Week 9: Fredston - Travel Writing with Personality
Having finished Rowing to Latitude, I realize that one of the reasons I really enjoyed this book was Fredston's ability to constantly situate her travels in the scheme of things. Never conveying an attitude that her rowing made up her life, Fredston refreshingly reminds her reader that the dangers she encounters in her travels should certainly be respected, as the goal of travel should not supercede the traveler's life. Rowing to Latitude is easily my favorite travel writing book.
Particularly towards the end of the book, Fredston begins to really situate her adventures within her life, which is narrated in a way that makes it seem much more well-rounded and full in comparison to the other travel writers. Perhaps this has something to do with the time period in which Fredston writes, since she writes within a genre that perhaps has had the time to evolve and change since Chatwin, Bird, and Thesiger were writing. In the other three, earlier writers, we get much less narrative which gives the reader an idea of the narrator/traveler removed from his/her travels. I would venture to guess that many people might, if asked to, describe the previous three authors as simply, "travelers," or "travel writers," whereas where Fredston is concerned titles like avalanche specialist, wife, and daughter also come to mind quite quickly. In establishing herself as a travel writer, but also so many different things, Fredston's novel seems to have a more full-bodied character to it, and she accordingly creates a story and characters that readers can grasp as being more than one dimensional.
Fredston's tendency to foreground more relationships than just the author's with nature also includes a touching, though often quiet relationship with her travel partner and husband, Doug Fesler. It is interesting to compare Fredston's relationship with nature and her husband, since they are remarkably similar. The quiet respect and trust that Fredston has with her husband is mirrored in her relationship with the wilderness she crosses with him. Taking cues from nature and from her husband alike, trusting that the signals they both give are reliable indicators of proper courses of action, we can see the author's relationship with both simultaneously developing in the interaction with each, both individually and collectively.

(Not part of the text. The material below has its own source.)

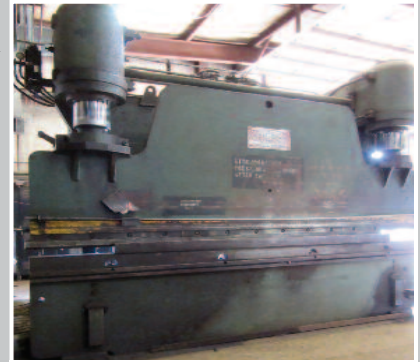
DREIS & KRUMP 400F10 Press Brake

TERMS & CONDITIONS | PAYMENT: Full payment within 24 hours. Payment is Cash, Cashier's check, Certified Check, or Wire Transfer. No other forms of payments will be accepted. Full Payment Must be Made before removal of Purchase. Everything is Sold "As-Is, Where-Is". All Sales Final. Cost and Responsibility for Removal of Purchase Remains with the Purchaser. Every Effort will be Made to Facilitate Removal. While Quantities and Descriptions are Believed to be Accurate, the Auctioneer, Owners or Counsel Make no Warranties or Guarantees Either Expressed or Implied as to Authenticity, Genuineness of, or Defects in Any Lot and will not be Held Responsible for any Advertising Discrepancies or Inaccuracies. No Warranties Whatsoever are Made as to Condition Merchantability or Fitness for Use of Any Item. May we Suggest you Take Full Advantage of the Preview and Inspection Period. Sale Subject to Additions, Deletions and Prior Sales. Please Check Availability of Equipment.
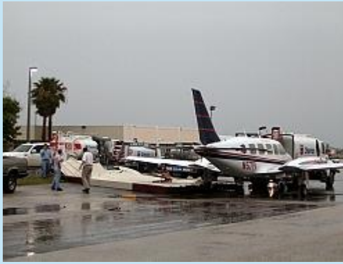
Hangar door blown out.

Rowing to Latitude succeeds in providing a reader with a wilderness that many people, if they had the chance to experience it first hand, might not even take away from it the insightful point of view that Fredston provides. We can internalize both her respect and fear, and appreciate the wonder and beauty she observes from the comfort of our homes , and save ourselves the muscle aches and the risks that Fredston and her husband seem to endure daily. For the first time I feel like I have a better understanding of a place described in a work of travel writing, a feeling that I attribute to the much more personal tone that Fredston's book takes on.